Faylita Hicks

Photo by Ruvan Wijesooriya
Faylita Hicks (she/they) is a poet, interdisciplinary artist, and cultural strategist working at the intersection of spirituality, justice, and creative practice. Hicks was born in south-central California, raised in central Texas, and is now based in Chicago. They are the former editor and chief of Black Femme Collective and Borderlands: Texas Poetry Review.

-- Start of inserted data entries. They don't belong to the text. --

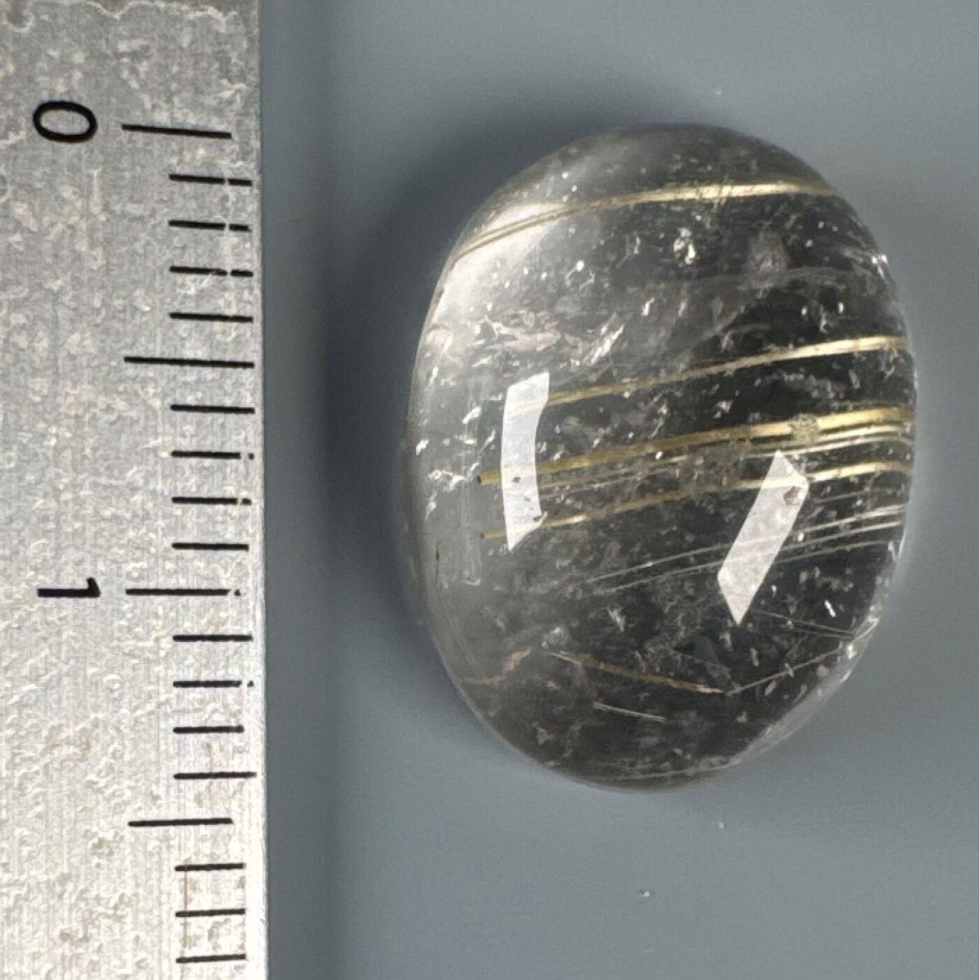 透明度の高い水晶の中に、控えめながらも美しく輝くルチルの針が見られるルースです。
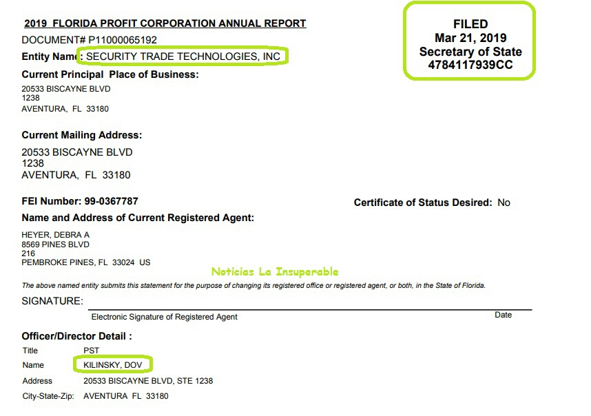 Pero no es la única empresa que dirige en el país del norte. En 2011 Kilinsky funda SECURITY TRADE TECHNOLOGIES, INC, la cual continúa activa.
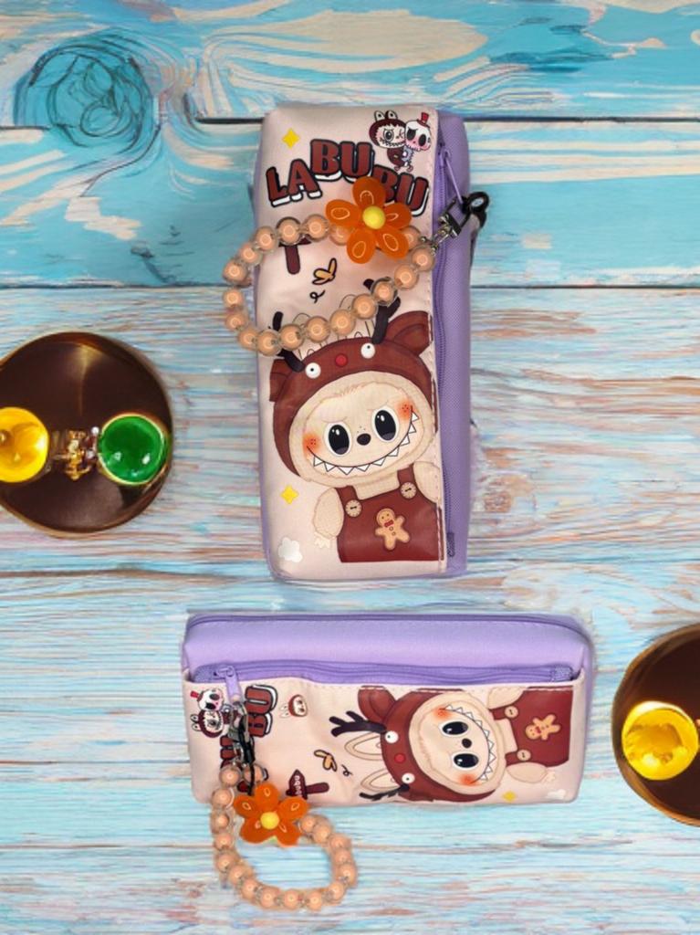 جامدادی اورجینال وارداتی فانتزی دو زیپ آویزدار طرح لبوبو
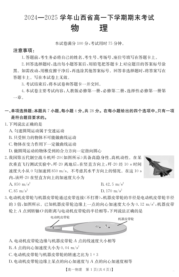 山西省2024-2025学年高一下学期期末考试 物理.pdf
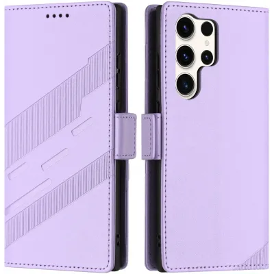 Phonesta Embossed Lines Book Wallet Case hoesje voor Samsung Galaxy S25 Ultra - Paars
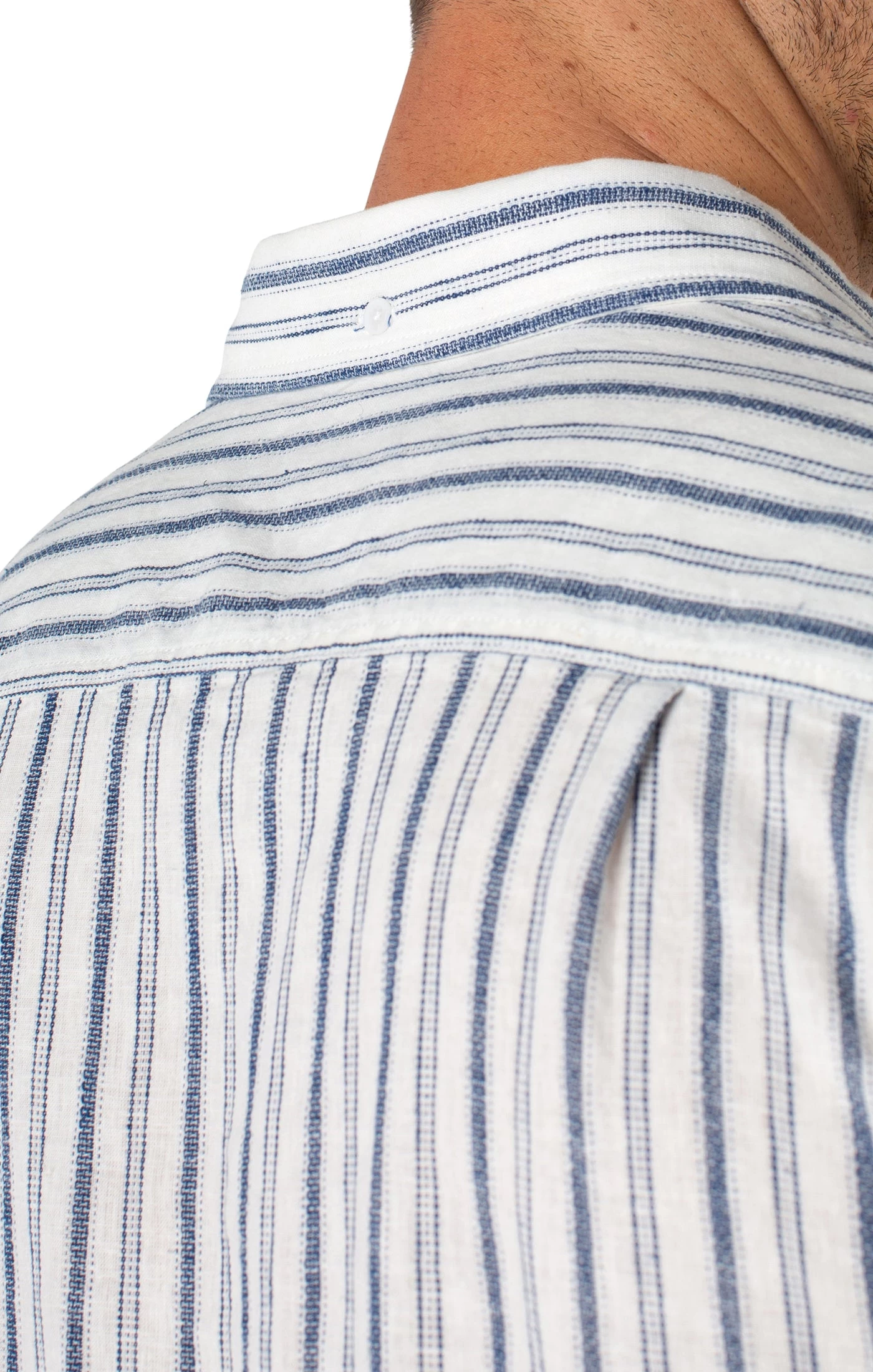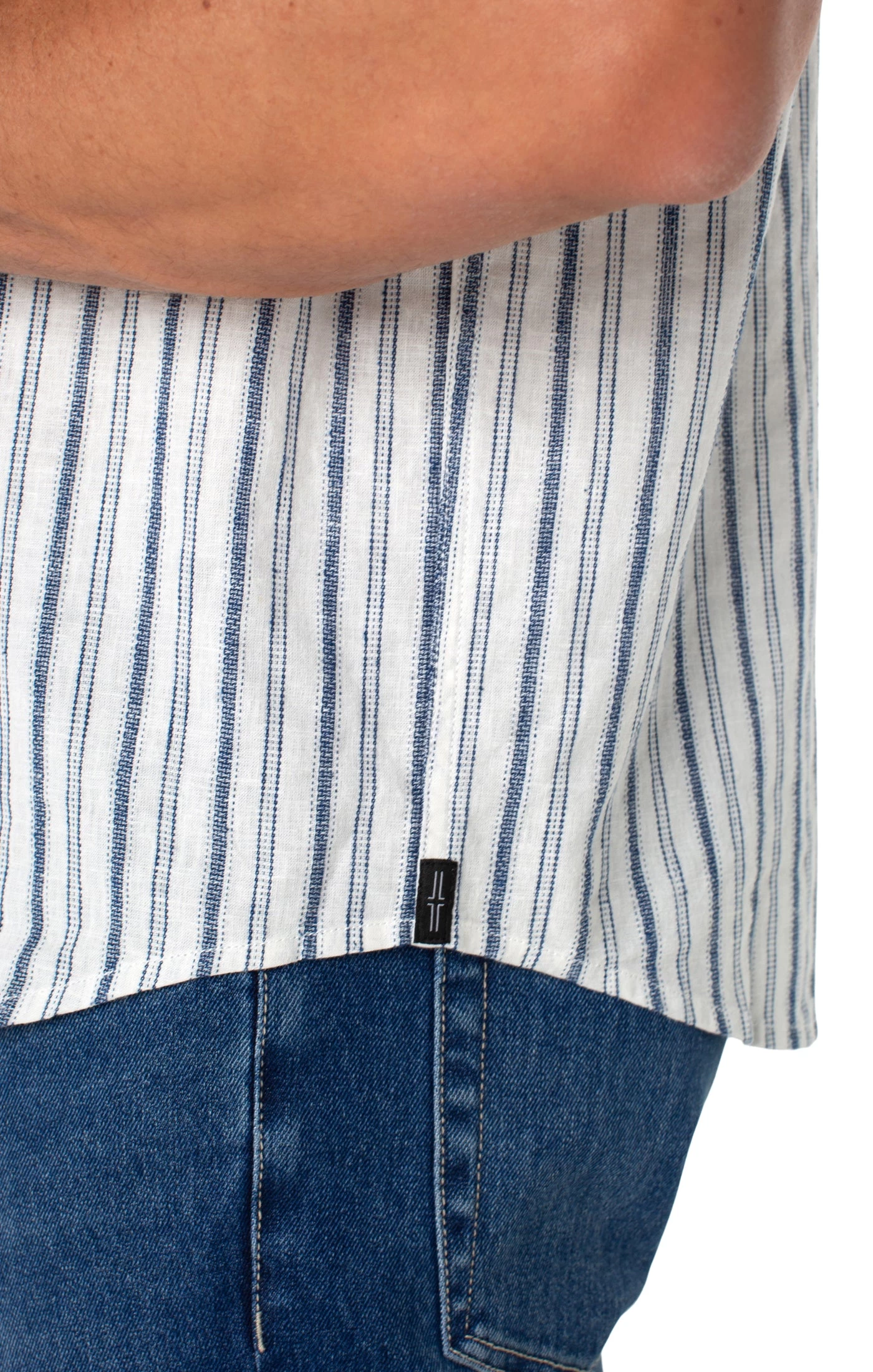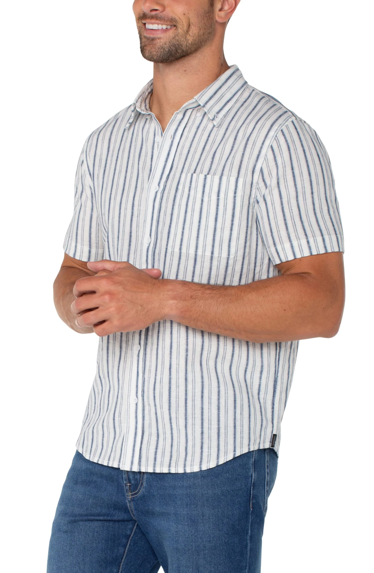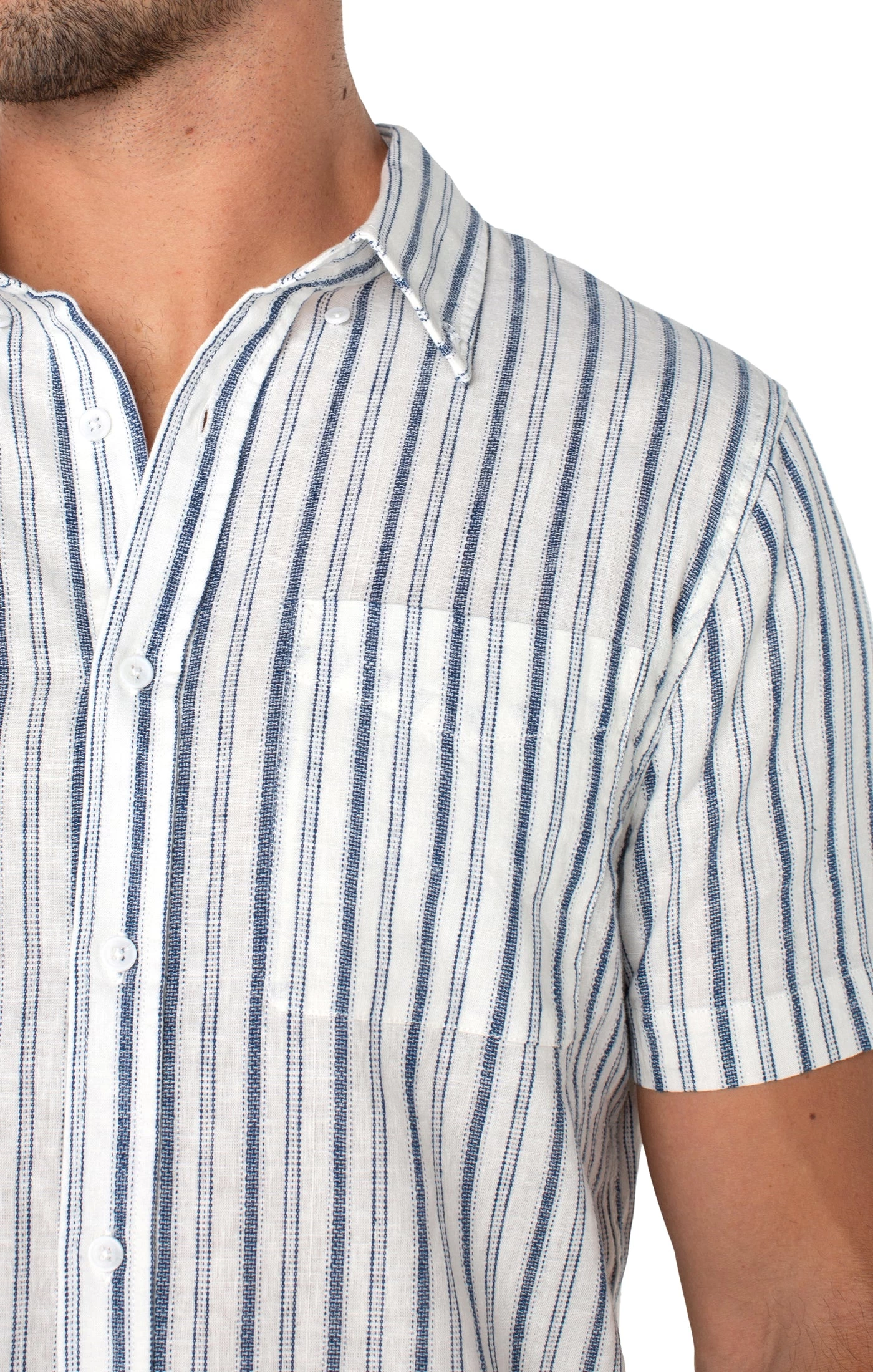 The Short Sleeve Button Up Shirt in Navy White combines timeless style with modern appeal. Featuring a classic stripe print, this shirt is perfect for any occasion. Pair it with shorts or jeans for a relaxed, stylish look, or elevate it with a blazer and chinos for a more polished vibe. Ideal for casual outings, office wear, or weekend gatherings, this versatile shirt offers both comfort and sophistication.
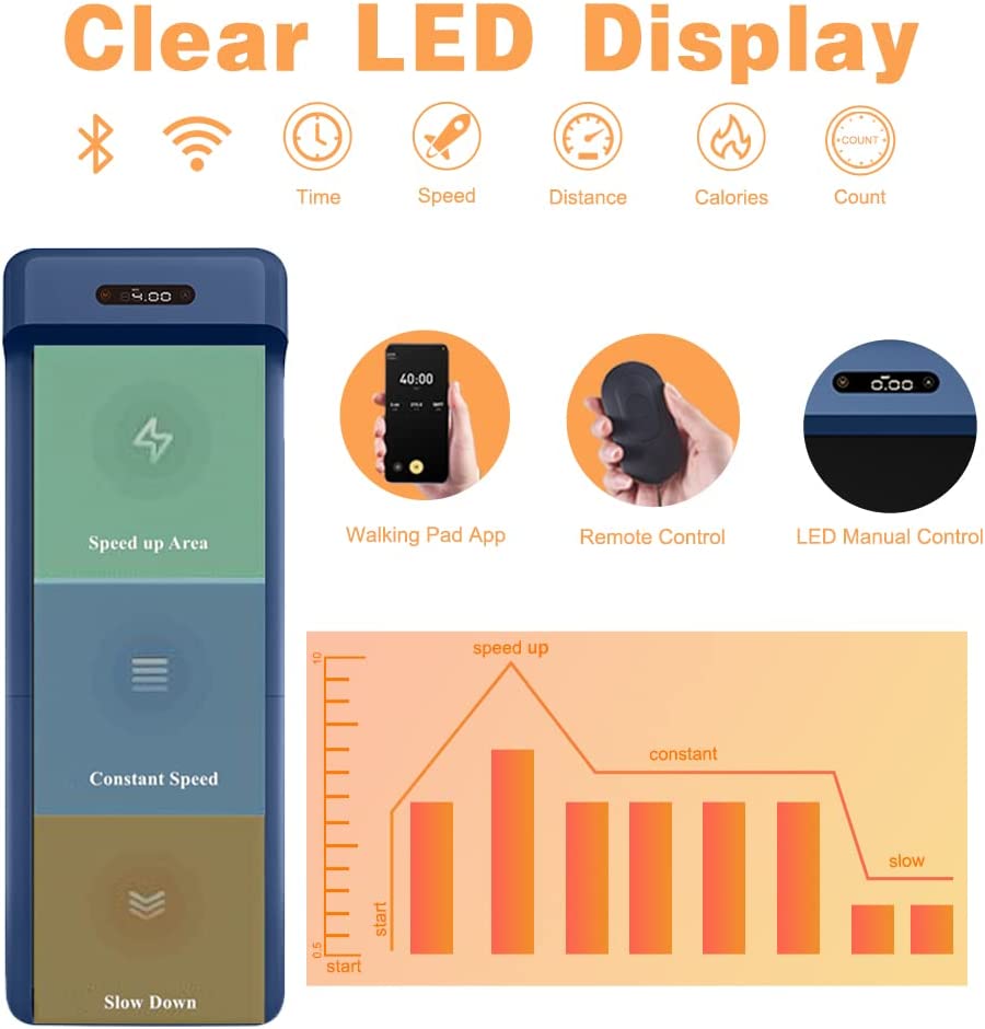 Smart Gravity Foot Sensing Speed Control: To avoid fall down risk on the speed walking pad, this foldable treadmill C2 is built with highly sensitive gravity sensors to support speed control, you will easy to feel the front accelerate area, middle uniform speed area and back decelerate area, and the whole process is automatically controlled by your foot position.
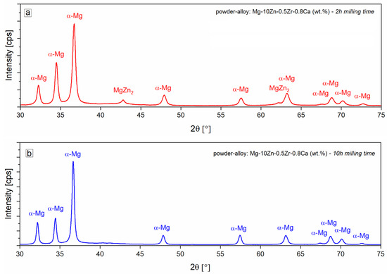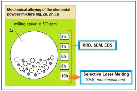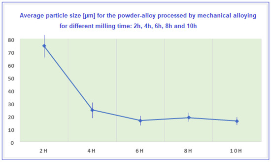 - The mechanical alloying method was applied to obtain the Mg-10Zn-0.5Zr-0.8Ca powder-alloy using different milling times. The morphologies of the milled powders reveal that the particles dimensions vary, with the average values ranging from 74.6 µm (after 2 h of milling process) to 16.2 µm (after 10 h of milling process).

Hicks is the author of A Map of My Want (Haymarket Books, 2024), winner of the 2025 Midwest Book Award in the general Poetry category, and HoodWitch (Acre Books, 2019), a finalist for the 2020 Lambda Literary Award for Bisexual Poetry, the 2019 Julie Suk Award, and the 2019 Balcones Poetry Prize. Their poetry, essays, and interviews have been published in the Academy of American Poets’ Poem-A-Day newsletter, The Adroit Journal, The American Poetry Review, AfroPunk, Ecotone, Foglifter, The Kenyon Review, Poetry magazine, and other publications. Their work has been anthologized in Poemhood: Our Black Revival (HarperCollins, 2024), Mid/South Sonnets (Belle Pointe Press, 2023), The Long Devotion: Poets Writing Motherhood (University of Georgia Press, 2022), and When There Are Nine (Moon Tide Press, 2022)
Hicks is the recipient of support from the Art for Justice Fund, the Black Mountain Institute, the Broadway Advocacy Coalition, the Civil Rights Corps, Lambda Literary, the Texas After Violence Project, Tin House, and the Right of Return USA. Hicks’s sixth spoken word album, A New Name for My Love, was released independently in 2021 in support of the #EndTheException campaign led by Worth Rises. They is an inaugural member of the Center for Art and Advocacy, which supports previously incarcerated emerging and established writers and artists from around the United States.